Posted on 11/14/2007 3:22:25 PM PST by DogByte6RER
Yahoo to pay Chinese families
It settles with relatives of journalists jailed for dissent after it revealed their names to police.
By Alex Pham
Los Angeles Times Staff Writer
November 14, 2007
A week after lawmakers shamed its executives as moral "pygmies," Yahoo Inc. on Tuesday reached an out-of-court settlement with the families of two Chinese journalists thrown into jail for dissidence after the company disclosed their identities to local police.
Yahoo promised to pay the families' legal bills and to create a fund to "provide support to other political dissidents and their families," but the Sunnyvale, Calif.-based company wouldn't disclose other details of the agreement.

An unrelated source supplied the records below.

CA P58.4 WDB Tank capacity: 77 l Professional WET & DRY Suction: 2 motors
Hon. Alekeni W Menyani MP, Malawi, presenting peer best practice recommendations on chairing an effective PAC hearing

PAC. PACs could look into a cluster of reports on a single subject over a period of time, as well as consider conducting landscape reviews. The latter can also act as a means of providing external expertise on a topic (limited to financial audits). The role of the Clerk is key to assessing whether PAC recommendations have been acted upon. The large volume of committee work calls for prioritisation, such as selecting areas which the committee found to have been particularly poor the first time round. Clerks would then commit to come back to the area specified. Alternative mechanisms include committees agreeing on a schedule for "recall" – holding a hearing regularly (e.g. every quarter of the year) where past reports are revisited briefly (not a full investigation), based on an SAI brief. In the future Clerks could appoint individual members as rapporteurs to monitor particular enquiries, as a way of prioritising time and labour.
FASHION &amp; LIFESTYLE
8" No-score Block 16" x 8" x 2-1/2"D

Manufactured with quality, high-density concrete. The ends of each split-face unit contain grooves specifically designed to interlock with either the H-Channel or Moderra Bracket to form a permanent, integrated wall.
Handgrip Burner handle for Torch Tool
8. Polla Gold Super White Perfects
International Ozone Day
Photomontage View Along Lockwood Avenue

The families' lawyer said settlement talks didn't begin in earnest until last week, when Yahoo's visibly humbled chief executive, Taiwan-born Jerry Yang, apologized and tried to defend the company's actions.
"After meeting with the families, it was clear to me what we had to do to make this right for them, for Yahoo and for the future," Yang said in a statement released Tuesday. "At Yahoo, we believe in the transformative power of the Internet. That's why we are so committed to working to support free expression and privacy around the world."

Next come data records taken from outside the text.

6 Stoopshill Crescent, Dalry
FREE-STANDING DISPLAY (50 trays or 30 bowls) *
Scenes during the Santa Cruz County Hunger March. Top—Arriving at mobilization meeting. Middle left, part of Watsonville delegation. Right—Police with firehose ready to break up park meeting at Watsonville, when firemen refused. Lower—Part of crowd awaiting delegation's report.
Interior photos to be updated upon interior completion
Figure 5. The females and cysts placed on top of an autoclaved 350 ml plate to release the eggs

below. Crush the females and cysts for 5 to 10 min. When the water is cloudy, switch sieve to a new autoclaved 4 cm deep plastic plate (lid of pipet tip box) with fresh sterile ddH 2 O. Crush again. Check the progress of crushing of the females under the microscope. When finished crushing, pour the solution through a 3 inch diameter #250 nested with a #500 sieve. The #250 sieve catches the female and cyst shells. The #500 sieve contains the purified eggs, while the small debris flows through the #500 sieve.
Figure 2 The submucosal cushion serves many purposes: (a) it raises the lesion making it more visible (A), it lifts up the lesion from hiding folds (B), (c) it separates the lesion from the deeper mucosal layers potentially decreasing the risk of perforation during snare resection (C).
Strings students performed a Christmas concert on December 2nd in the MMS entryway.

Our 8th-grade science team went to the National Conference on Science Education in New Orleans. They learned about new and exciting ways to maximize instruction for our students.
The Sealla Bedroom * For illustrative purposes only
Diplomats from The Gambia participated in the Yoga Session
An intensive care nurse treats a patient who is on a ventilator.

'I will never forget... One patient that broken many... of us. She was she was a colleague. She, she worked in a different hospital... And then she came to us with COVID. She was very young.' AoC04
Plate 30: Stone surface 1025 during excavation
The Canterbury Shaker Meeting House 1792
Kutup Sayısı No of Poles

But human-rights groups criticized Yahoo's requirement that the settlement's terms be kept confidential.
"Because this agreement has been kept secret, we can't be sure that Yahoo is taking the commitment to end censorship seriously," said Amy O'Meara, director of business and human rights at Amnesty International USA.
The controversy surrounds Yahoo's decision in 2004 to turn over to Chinese police, at their request, the names of journalists who had used Yahoo services to share material advocating democratic reform. The information led to the conviction of Wang Xiaoning, who was sentenced to 10 years in prison for "incitement to subvert state power."
(Excerpt) Read more at latimes.com ...
And google did the same...
You’d think a Taiwanese would know better than to throw somebody under the China bus.